ACT UP
From Homolexis Glossary
The AIDS Coalition to
Unleash Power (ACT UP) was effectively formed on March 10,
1987, at the Lesbian and Gay Community Services Center in New York.
Larry Kramer was asked to speak as part of a rotating speaker series,
and his well-attended presentation focused on action to fight AIDS.
Kramer criticized the Gay Men’s Health Crisis (GMHC), which he
perceived as insufficiently activist and political. Kramer had
co-founded the GMHC but had resigned from its board of directors in
1983.
The group was suffused with an urgent sense of the need to intervene decisively in the AIDS crisis—to light a fire under the government and its agencies and to educate the gay and general public. It created the terse slogan “Silence = Death,” generating graphic logos to complete the message. The tactic of vigorous intervention recalled the zaps and other actions taken by the Gay Activists Alliance and other groups that sprang up in the wake of the Stonewall Rebellion of 1969.

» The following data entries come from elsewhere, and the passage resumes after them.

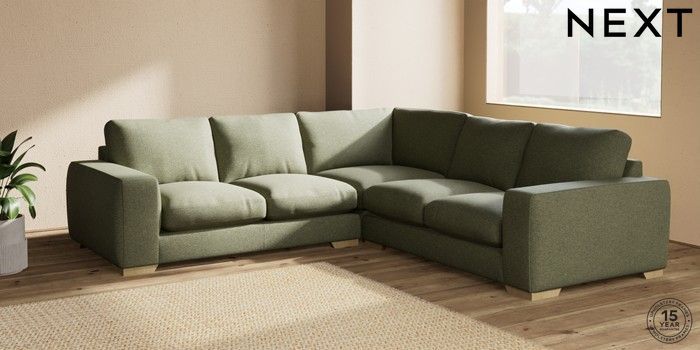 7.2.10 Houghton Deep Relaxed Sit Medium Corner Sofa - Universal Tweedy Chenille Mid Moss Green Large Square Angle - Light | Made Click here to use our website with more accessibility support, for example screen readers
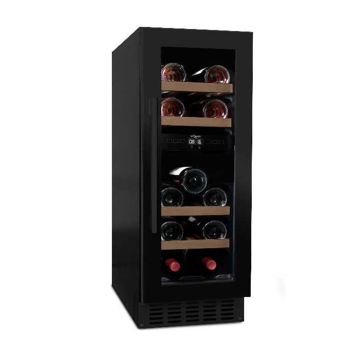 WineCave WCD30AB-700 Ugradbeni - podpultni hladnjak za vino Antracit crni okvir oko vrata Kompresorsko hlađenje UV zaštitno staklo Zaštita boca od vibracija Reverzibilna vrata Automatsko odmrzavanje Podesive nogice - 8 cm Alarm visoke temperature i otvorenih vrata Bijelo LED unutarnje svjetlo LED display Visina vrata 70 cm Kapacitet 16 boca 2 zone (5-20 °C) Crna ručka Hlađenje crnog i bijelog vina Š: 29,5 x V: 82/90 x D: 57,5 cm Energetska i klimatska klasa: F, ST Potrošnja: 98 kWh/god Težina: 28 kg Razina buke: 39 dB
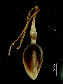 痩果,花柱の基部は膨らむ、柱頭は長く永存する

The acronym seems deliberately to evoke the common expression “acting out,” often used in pop psychology circles to stigmatize rebellious youth.
In the early twenty-first century ACT UP declined in prominence. However, there are still chapters in a number of American cities, as well as in France and Belgium. The group is still very much needed, and it may have an important future in blogging.